Novel idea needed to keep staffing hours at Keremeos library

Novel idea needed to keep staffing hours at Keremeos library.

 

Despite the Keremeos library being one of the busiest in the Okanagan Regional Library board, it will soon offer fewer staffing hours if alternative funding can’t be secured.

Stephanie Hall, executive director of the Okanagan Regional Library explained to Keremeos council at a September 8 meeting that reductions in staffing were necessary to reach a new funding formula.

The new formula means the reduction of about 20 hours from varying positions and will most likely effect the number of hours the library is open.

“This is a busy library. An unusually busy library,” Hall said to council.

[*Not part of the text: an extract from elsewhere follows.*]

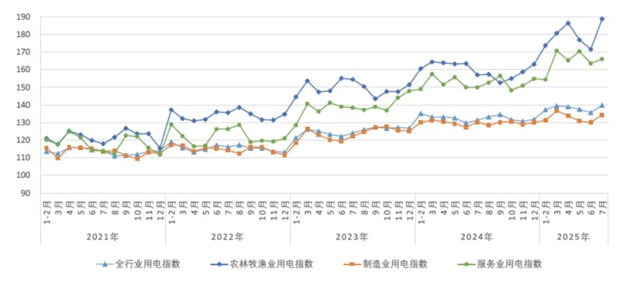 根据中电联发布的2025年7月全国电力消费系列指数(CNECI),2025年7月,全国全行业用电指数为139.9,全行业用电量比2020年基期(以2020年基期为100)增长了39.9%,年均增长6.9%,同比增长6.5%,增速比上月提高1.9个百分点。7月,农林牧渔业用电指数为188.8,同比增长20.2%。制造业用电指数为134.4,同比增长3.1%,增速比上月提高1.0个百分点。其中:四大高载能行业用电指数为124.6,同比增长0.5%,增速比上月提高1.2个百分点;高技术及装备制造业用电指数为154.5,同比增长7.3%,增速比上月提高1.4个百分点;消费品制造业用电指数为128.6,同比增长1.6%,增速与上月接近。7月,服务业用电指数为166.1,同比增长10.7%,增速比上月提高1.7个百分点。其中在AI、大数据、5G等快速发展带动下,信息传输、软件和信息技术服务业用电指数为173.9,同比增长18.9%,虽增速略有回落,但仍延续快速增长势头;在电动汽车高速发展带动下,“十四五”以来充换电服务业用电量保持高速增长势头,充换电服务业用电指数为1039.1,同比增长43.6%,增速比上月提高1.7个百分点;交通运输、仓储和邮政业用电指数为150.7,同比增长9.0%,增速比上月提高3.0个百分点;住宿和餐饮业用电指数为168.9,同比增长8.7%,增速比上月提高0.4个百分点。
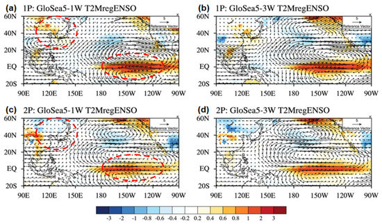 The surface temperature and upper-level circulation regressed onto the Nino 3.4 index are shown in Figure 12. In the earlier period, the high temperature over the central Pacific and the north–south dipole pattern of the upper-level circulation is related to the ENSO (Figure 12a). The temperature and the wind circulation from GloSea5 with a lead time of 3 weeks are generally well represented, although the wind circulation over the northwest Pacific is overestimated (Figure 12b). In the later period, the temperature peak over the central Pacific is shifted to the left and is weakened slightly, similarly to the precipitation pattern (Figure 12c). In addition, the circulation over the northeast Pacific is significantly strengthened and the East Asian jet is slightly weakened. It should be noted that GloSea5 with a lead time of 3 weeks underestimates the weakened circulation over East Asia and overestimates the strengthened circulation over the northeast Pacific (Figure 12d). Interestingly, the surface temperature over the central Pacific and the Korean Peninsula shows the same sign in the earlier period, whereas the sign is reversed in the later period.

In 2014, patrons of the Keremeos library checked out 52,298 pieces of material. About 1,180 people attended programming at the library and 263 children took part in summer reading. Almost 35,000 in person visits occurred during that year.

Hall explained the cost of operating libraries are paid provincially through a formula half based on land values and the other half based on population.

In 2013, a report was prepared by Greg Thornton to determine if money collected in municipalities within the Okanagan Regional Library board were staying within the communities it was collected and not being used to subsidize smaller community libraries.

That report showed that an excess of $28,000 a year was being used to run the Keremeos library.

“We have a responsibility to communities to show that the money they are paying towards programs are being spent locally,” Hall said to council.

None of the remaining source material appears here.